Work request
Copy only what lies from the line containing "Two different accelerometer" through the line containing "Cat & Jax White" in the entries below, keeping both end lines exact and dropping every picture.

Material for this task
# # # # # # #

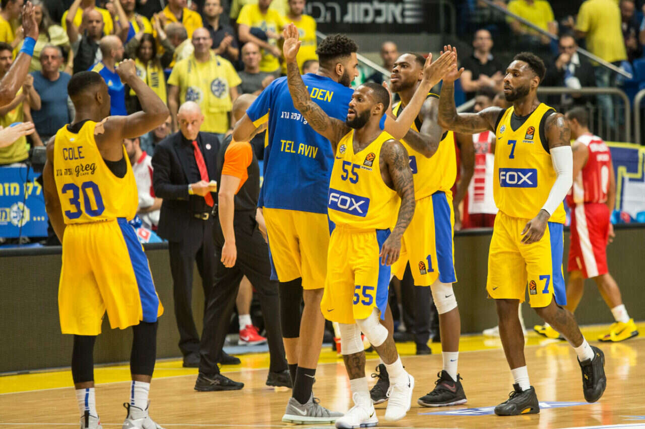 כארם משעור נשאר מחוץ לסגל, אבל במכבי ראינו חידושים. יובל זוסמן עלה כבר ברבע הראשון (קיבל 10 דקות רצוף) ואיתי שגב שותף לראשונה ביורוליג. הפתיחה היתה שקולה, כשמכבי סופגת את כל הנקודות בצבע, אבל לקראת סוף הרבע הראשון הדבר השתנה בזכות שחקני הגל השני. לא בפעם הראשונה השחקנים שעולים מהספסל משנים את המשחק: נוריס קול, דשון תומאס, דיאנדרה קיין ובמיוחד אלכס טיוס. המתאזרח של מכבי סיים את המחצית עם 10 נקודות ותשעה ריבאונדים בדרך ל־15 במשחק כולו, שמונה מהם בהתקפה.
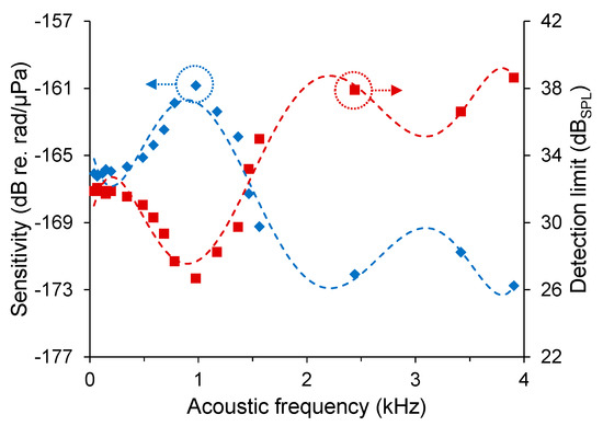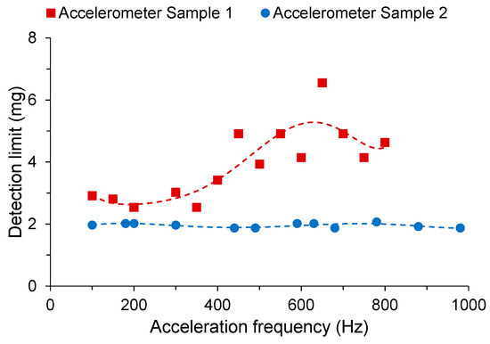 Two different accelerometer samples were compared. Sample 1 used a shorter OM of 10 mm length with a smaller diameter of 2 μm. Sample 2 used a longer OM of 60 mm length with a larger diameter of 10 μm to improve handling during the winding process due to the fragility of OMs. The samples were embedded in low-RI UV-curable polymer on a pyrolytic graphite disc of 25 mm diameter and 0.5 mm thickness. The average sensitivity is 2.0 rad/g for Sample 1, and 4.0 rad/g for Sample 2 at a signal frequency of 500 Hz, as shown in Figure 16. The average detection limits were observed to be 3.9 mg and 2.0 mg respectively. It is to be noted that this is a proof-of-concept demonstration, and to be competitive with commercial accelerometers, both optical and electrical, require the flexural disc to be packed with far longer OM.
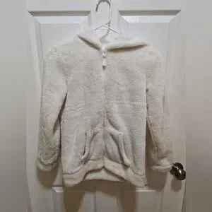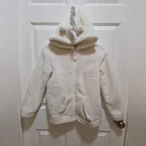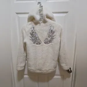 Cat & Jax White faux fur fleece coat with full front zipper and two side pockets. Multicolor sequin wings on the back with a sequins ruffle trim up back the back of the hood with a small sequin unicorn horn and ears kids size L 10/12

# # # # # # #

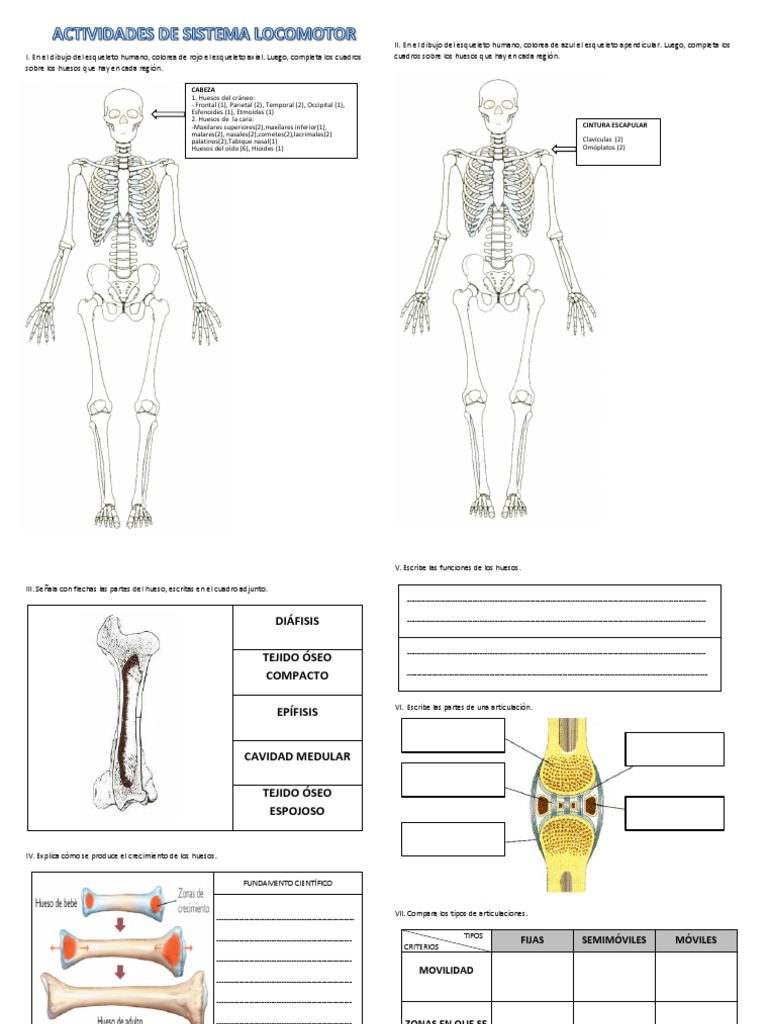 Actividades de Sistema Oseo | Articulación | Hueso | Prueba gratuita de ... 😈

# # # # # # #

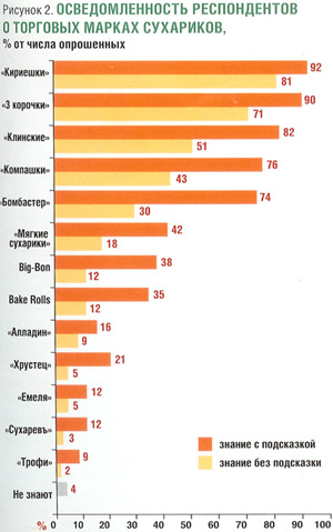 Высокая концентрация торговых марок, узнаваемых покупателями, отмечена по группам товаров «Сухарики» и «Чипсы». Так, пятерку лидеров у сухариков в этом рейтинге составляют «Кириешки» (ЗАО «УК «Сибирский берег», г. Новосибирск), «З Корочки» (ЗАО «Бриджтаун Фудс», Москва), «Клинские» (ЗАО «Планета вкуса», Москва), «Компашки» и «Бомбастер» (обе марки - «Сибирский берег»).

# # # # # # #

Answer
 Two different accelerometer samples were compared. Sample 1 used a shorter OM of 10 mm length with a smaller diameter of 2 μm. Sample 2 used a longer OM of 60 mm length with a larger diameter of 10 μm to improve handling during the winding process due to the fragility of OMs. The samples were embedded in low-RI UV-curable polymer on a pyrolytic graphite disc of 25 mm diameter and 0.5 mm thickness. The average sensitivity is 2.0 rad/g for Sample 1, and 4.0 rad/g for Sample 2 at a signal frequency of 500 Hz, as shown in Figure 16. The average detection limits were observed to be 3.9 mg and 2.0 mg respectively. It is to be noted that this is a proof-of-concept demonstration, and to be competitive with commercial accelerometers, both optical and electrical, require the flexural disc to be packed with far longer OM.
 Cat & Jax White faux fur fleece coat with full front zipper and two side pockets. Multicolor sequin wings on the back with a sequins ruffle trim up back the back of the hood with a small sequin unicorn horn and ears kids size L 10/12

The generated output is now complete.